Now that neurobiology has started to explore the neural correlates of subjective mental states such empathy, love, desire, beauty, reward and much else besides, the hate word “reductionism” is being used to stigmatize and call into question the efforts of neurobiologists in this direction. Our detractors insist on the “holism” of subjective experiences, and some at least seem desperate to find a source other than the brain for these experiences.
Clearly, this kind of research touches a raw nerve among them. Their motives are probably varied, but these motives do not interest me much. What is interesting to consider is the extent to which an unquestioning adherence to holism can impede research and a better understanding of how the brain functions. The visual brain provides an excellent example.
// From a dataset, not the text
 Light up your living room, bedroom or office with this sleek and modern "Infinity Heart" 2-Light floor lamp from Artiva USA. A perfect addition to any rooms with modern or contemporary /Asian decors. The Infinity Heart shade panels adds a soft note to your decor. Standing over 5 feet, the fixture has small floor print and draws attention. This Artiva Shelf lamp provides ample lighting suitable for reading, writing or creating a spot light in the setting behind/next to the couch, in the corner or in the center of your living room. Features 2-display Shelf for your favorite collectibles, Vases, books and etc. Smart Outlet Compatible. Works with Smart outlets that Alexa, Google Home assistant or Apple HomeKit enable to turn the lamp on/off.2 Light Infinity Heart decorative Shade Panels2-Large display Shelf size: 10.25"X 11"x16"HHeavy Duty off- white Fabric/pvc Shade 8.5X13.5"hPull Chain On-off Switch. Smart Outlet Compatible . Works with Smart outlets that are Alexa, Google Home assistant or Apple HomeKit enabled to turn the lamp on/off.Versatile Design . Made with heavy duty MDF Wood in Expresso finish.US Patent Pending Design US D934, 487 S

Salomon Henschen (Sweden) was the first to chart the location and extent of the primary visual receiving centre in the brain, followed by Tatsuji Inouye (Japan) and Gordon Holmes (England) who charted it in greater detail, the former in the aftermath of the Russo-Japanese War and the latter in the aftermath of the First World War. Both Henschen and Holmes believed that the primary visual centre (now commonly referred to as V1) in the brain was the only brain area for vision and that vision, being experienced in a wholesome way, was a unitary, wholesome, process. In the service of this doctrine, they and many others dismissed, often contemptuously, evidence that may suggest that, however wholesome our experience may be, the brain processes that lead to these experiences are in fact fractionated. Indeed, Gordon Holmes was even blind to his own evidence, which showed (in one patient) that the faculty to perceive visual motion may be selectively spared (I have reviewed this evidence in detail in my book, now sadly out of print, A Vision of the Brain). Indeed, so forceful was their dismissal that the clinical evidence which may have supported another view simply vanished from the literature. One would find it very hard to find any reference to it in the papers on the visual brain published between 1918 and 1970.
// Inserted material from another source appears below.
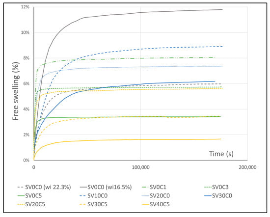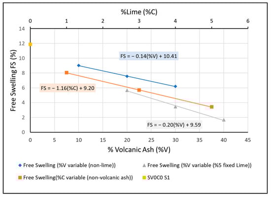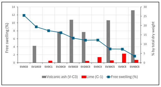 To improve the pozzolanic activity of this volcanic ash and to provide a satisfactory mix with highly plastic clays, different cementitious additives, such as lime, cement, or cement kiln dust, are usually applied [34]. Accordingly, lime (C) was incorporated into the soil–volcanic ash (V-C3) mixtures in this study to ensure adequate activation and performance. In addition, to enable a direct comparison of free-swelling behavior, lime (C) was also added alone in low proportions (1%, 3%, and 5% of the dry soil weight), thereby limiting its dosage to evaluate its isolated contribution.

But one of the striking discoveries about vision since 1970 has been that there are many visual areas, each with its own distinctive connections and specialization, of which the areas specialized for visual motion and colour are perhaps the best studied to date. Even perceptually, in very brief time frames, vision is not the wholesome process that many thought it to be. For it turns out that we see colour before we see motion by about 100 ms, an enormously long time in neural terms.
This does not mean that vision is a not a wholesome experience but only that the process leading to that experience are widely distributed in separate areas of the brain. The challenge for neurobiology now is to understand how, in the longer term, that is to say for periods exceeding 100 ms, the brain integrates the results of activities in its separate parts to give us our wholesome experience.
Had we insisted on a holistic approach (as indeed was done for a long time), we would never have undertaken the research that revealed the brain processes that are instrumental in giving us our wholesome visual experience. To stigmatize this research as “reductionist” is silly. The research is simply a step in understanding better the brain process that lead to holistic experiences.